Recorded data
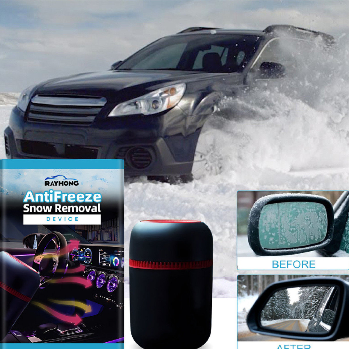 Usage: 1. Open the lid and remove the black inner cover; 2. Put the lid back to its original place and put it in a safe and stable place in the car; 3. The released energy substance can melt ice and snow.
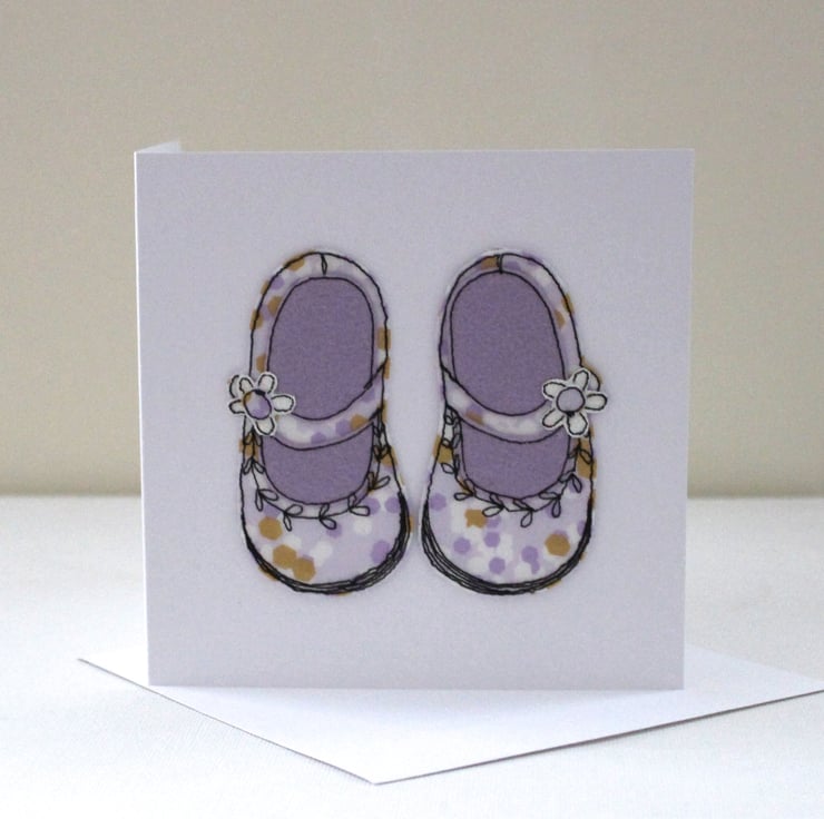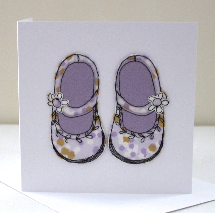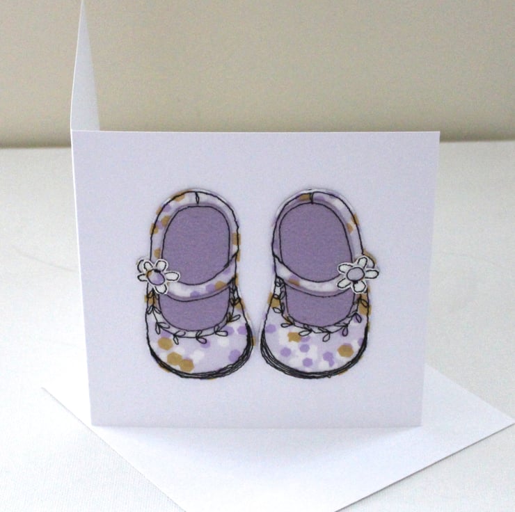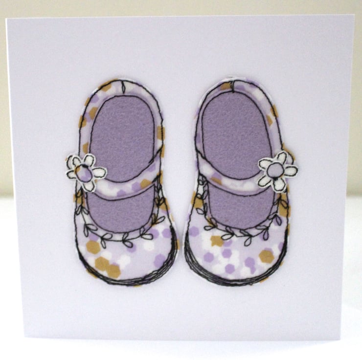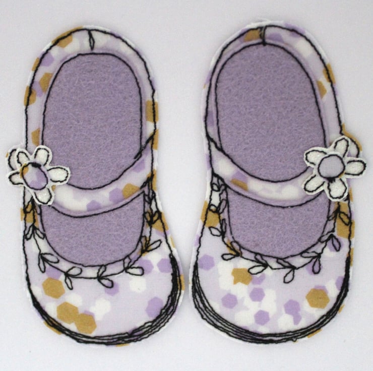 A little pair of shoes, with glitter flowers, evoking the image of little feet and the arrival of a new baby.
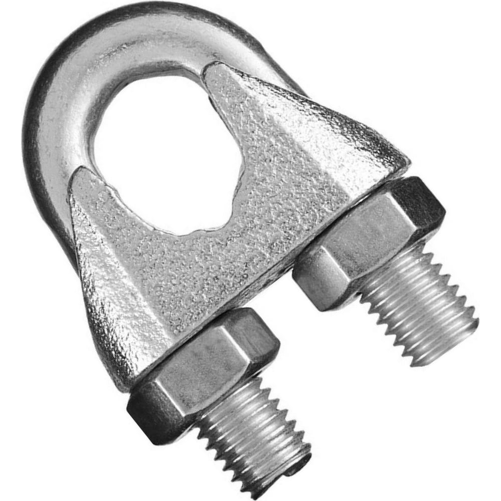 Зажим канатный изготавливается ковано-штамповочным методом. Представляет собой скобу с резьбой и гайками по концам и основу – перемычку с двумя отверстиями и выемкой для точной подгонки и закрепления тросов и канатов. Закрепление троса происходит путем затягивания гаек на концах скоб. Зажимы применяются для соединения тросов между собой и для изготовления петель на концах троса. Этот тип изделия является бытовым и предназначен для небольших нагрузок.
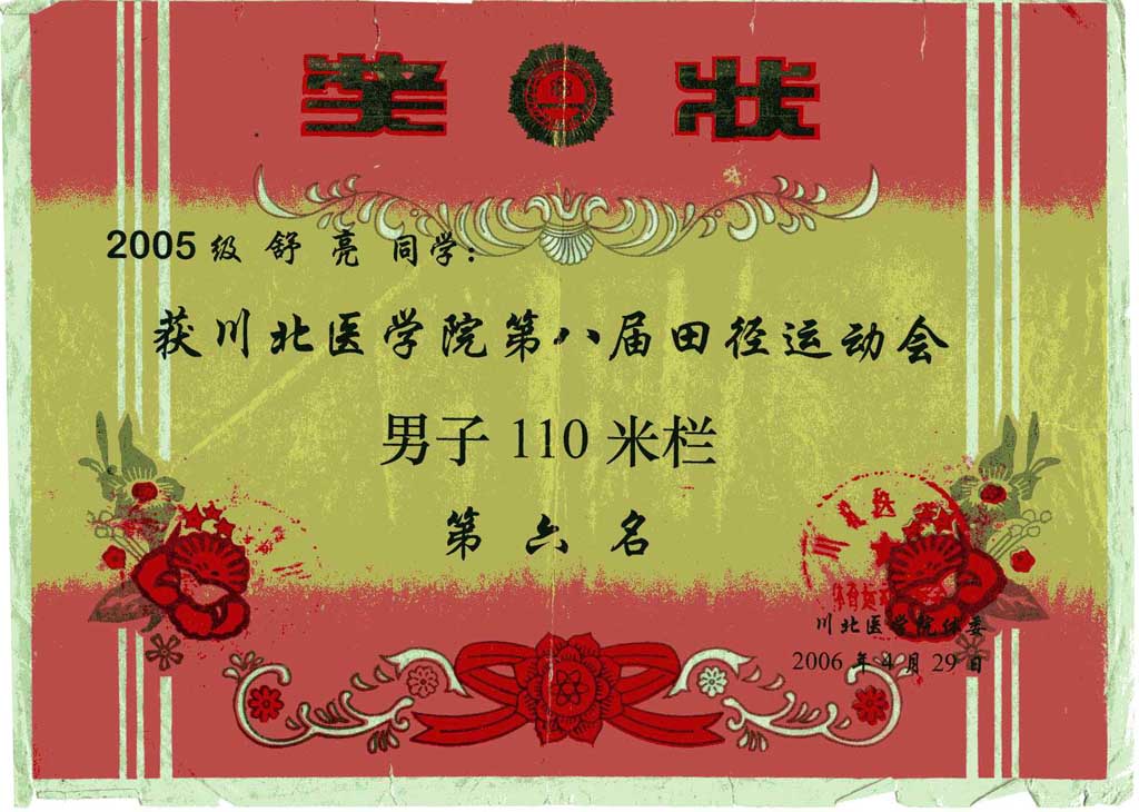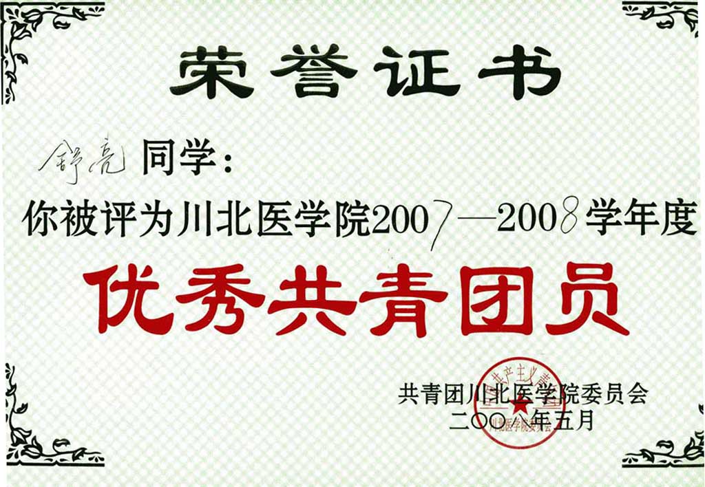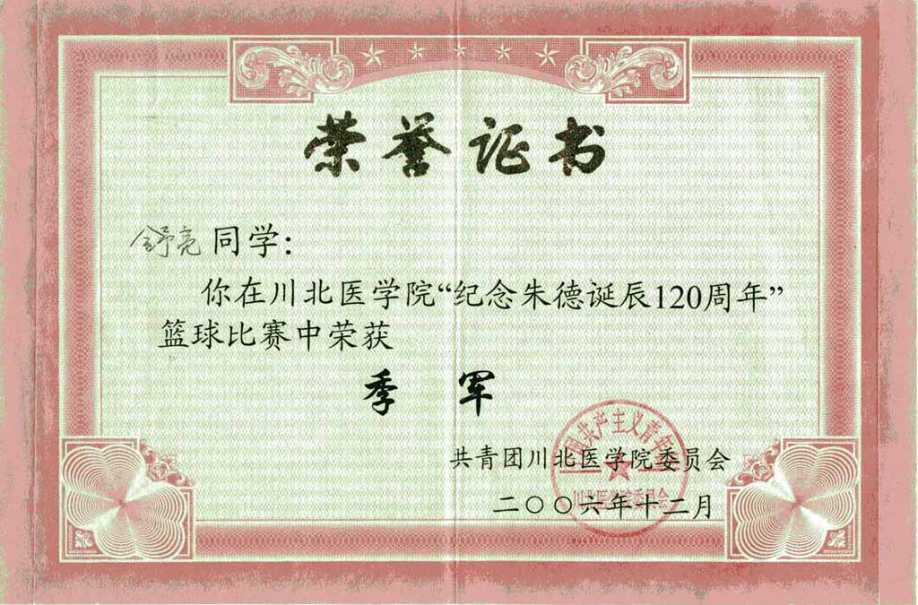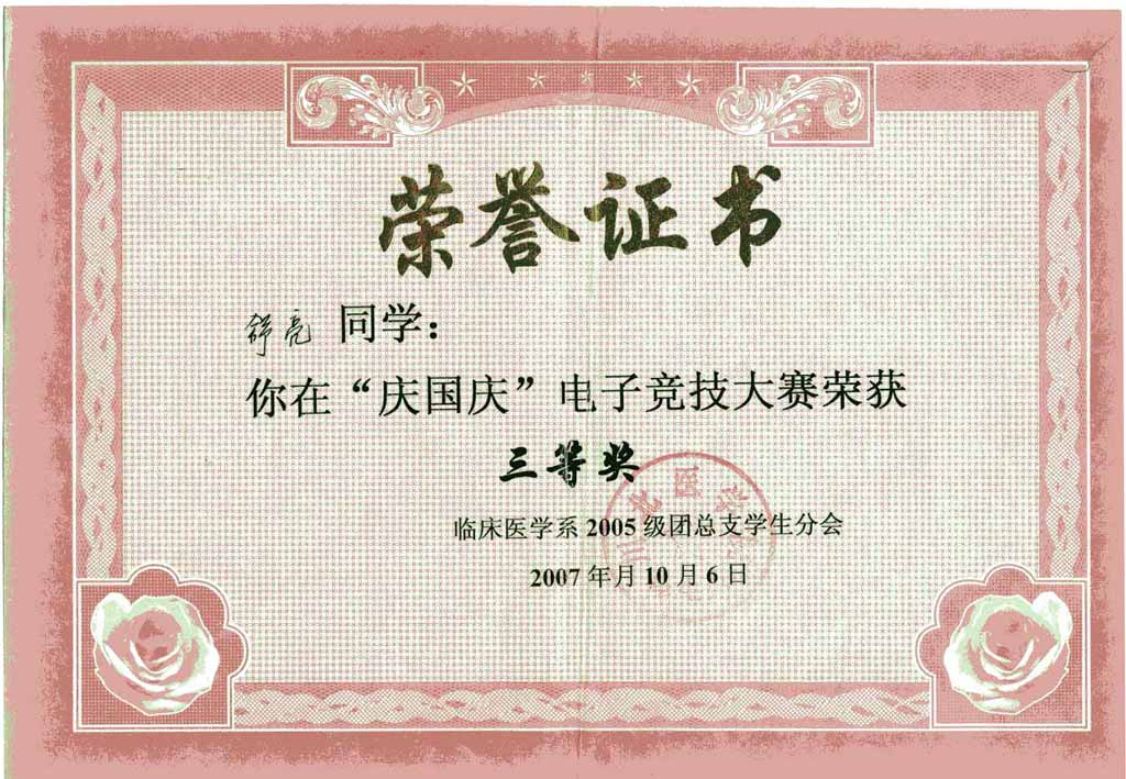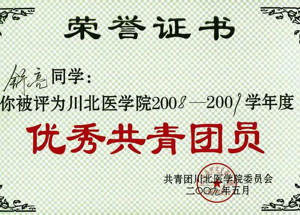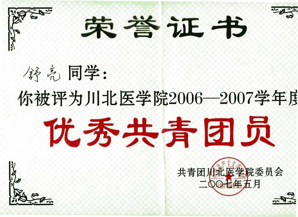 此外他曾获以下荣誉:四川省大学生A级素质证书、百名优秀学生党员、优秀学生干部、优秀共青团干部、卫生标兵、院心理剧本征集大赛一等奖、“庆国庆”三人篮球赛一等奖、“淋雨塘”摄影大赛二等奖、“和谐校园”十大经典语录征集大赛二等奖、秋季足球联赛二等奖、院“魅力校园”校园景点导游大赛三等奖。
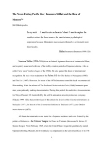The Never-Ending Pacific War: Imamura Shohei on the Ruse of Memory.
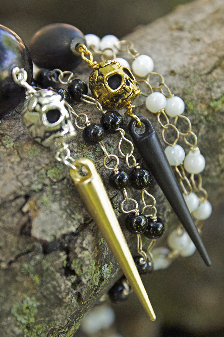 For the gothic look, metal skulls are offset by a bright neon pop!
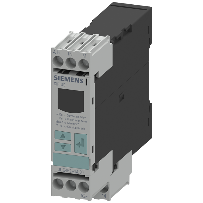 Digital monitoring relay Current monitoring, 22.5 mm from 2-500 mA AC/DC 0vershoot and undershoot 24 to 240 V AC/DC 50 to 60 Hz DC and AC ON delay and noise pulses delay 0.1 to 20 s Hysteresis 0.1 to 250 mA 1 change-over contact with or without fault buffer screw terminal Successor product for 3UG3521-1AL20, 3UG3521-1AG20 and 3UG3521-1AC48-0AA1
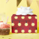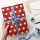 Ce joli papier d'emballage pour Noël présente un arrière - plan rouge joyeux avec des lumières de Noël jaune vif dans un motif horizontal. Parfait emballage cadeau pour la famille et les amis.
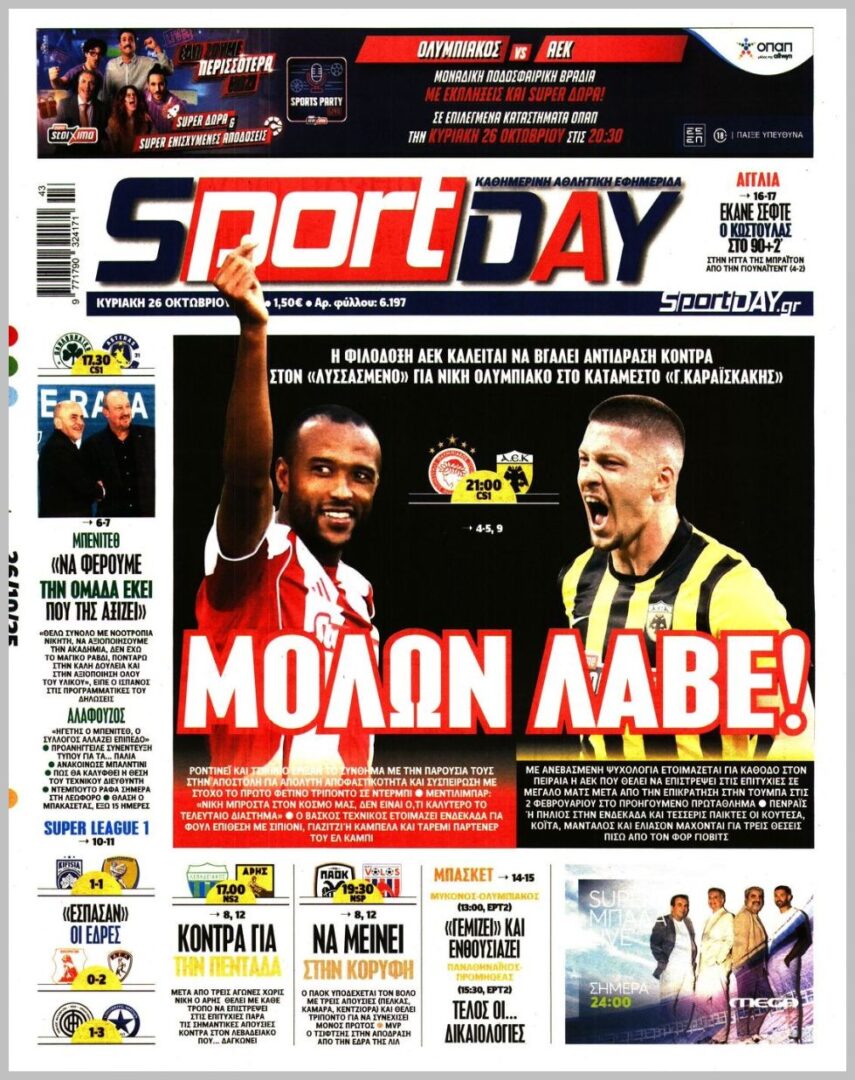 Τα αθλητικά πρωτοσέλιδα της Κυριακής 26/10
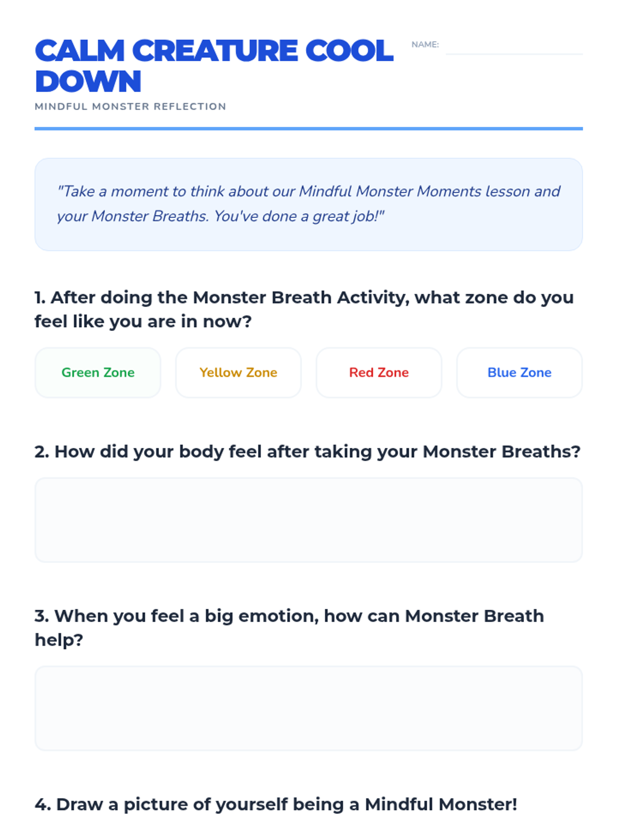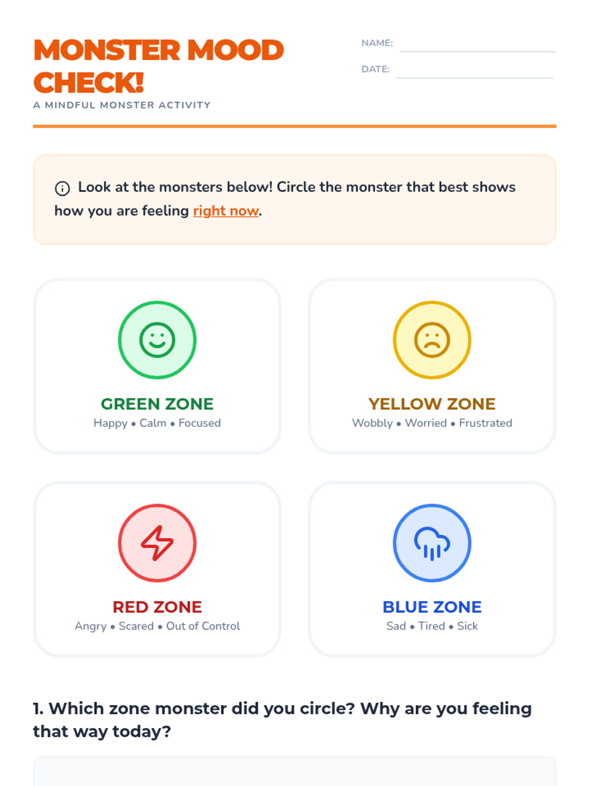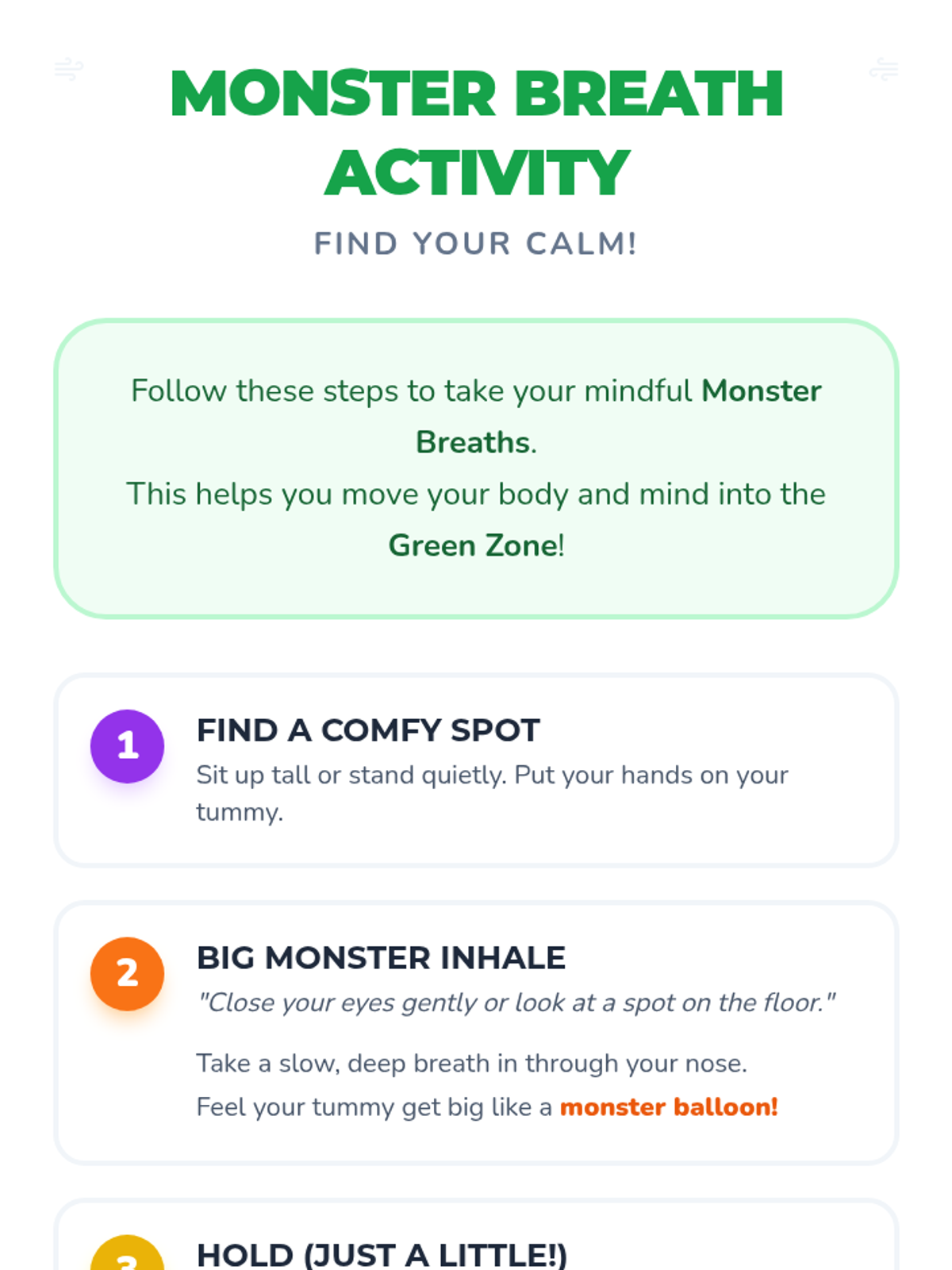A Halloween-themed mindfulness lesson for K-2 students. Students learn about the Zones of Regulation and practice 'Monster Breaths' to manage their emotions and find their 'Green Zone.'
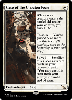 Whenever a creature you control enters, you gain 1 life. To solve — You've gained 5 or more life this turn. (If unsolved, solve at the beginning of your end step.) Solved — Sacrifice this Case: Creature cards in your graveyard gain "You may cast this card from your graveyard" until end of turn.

Exercise aim
Drop the images and quote the entries word for word.

Solved exercise
 Usage: 1. Open the lid and remove the black inner cover; 2. Put the lid back to its original place and put it in a safe and stable place in the car; 3. The released energy substance can melt ice and snow.
 A little pair of shoes, with glitter flowers, evoking the image of little feet and the arrival of a new baby.
 Зажим канатный изготавливается ковано-штамповочным методом. Представляет собой скобу с резьбой и гайками по концам и основу – перемычку с двумя отверстиями и выемкой для точной подгонки и закрепления тросов и канатов. Закрепление троса происходит путем затягивания гаек на концах скоб. Зажимы применяются для соединения тросов между собой и для изготовления петель на концах троса. Этот тип изделия является бытовым и предназначен для небольших нагрузок.
 此外他曾获以下荣誉:四川省大学生A级素质证书、百名优秀学生党员、优秀学生干部、优秀共青团干部、卫生标兵、院心理剧本征集大赛一等奖、“庆国庆”三人篮球赛一等奖、“淋雨塘”摄影大赛二等奖、“和谐校园”十大经典语录征集大赛二等奖、秋季足球联赛二等奖、院“魅力校园”校园景点导游大赛三等奖。
The Never-Ending Pacific War: Imamura Shohei on the Ruse of Memory.
 For the gothic look, metal skulls are offset by a bright neon pop!
 Digital monitoring relay Current monitoring, 22.5 mm from 2-500 mA AC/DC 0vershoot and undershoot 24 to 240 V AC/DC 50 to 60 Hz DC and AC ON delay and noise pulses delay 0.1 to 20 s Hysteresis 0.1 to 250 mA 1 change-over contact with or without fault buffer screw terminal Successor product for 3UG3521-1AL20, 3UG3521-1AG20 and 3UG3521-1AC48-0AA1
 Ce joli papier d'emballage pour Noël présente un arrière - plan rouge joyeux avec des lumières de Noël jaune vif dans un motif horizontal. Parfait emballage cadeau pour la famille et les amis.
 Τα αθλητικά πρωτοσέλιδα της Κυριακής 26/10
A Halloween-themed mindfulness lesson for K-2 students. Students learn about the Zones of Regulation and practice 'Monster Breaths' to manage their emotions and find their 'Green Zone.'
 Whenever a creature you control enters, you gain 1 life. To solve — You've gained 5 or more life this turn. (If unsolved, solve at the beginning of your end step.) Solved — Sacrifice this Case: Creature cards in your graveyard gain "You may cast this card from your graveyard" until end of turn.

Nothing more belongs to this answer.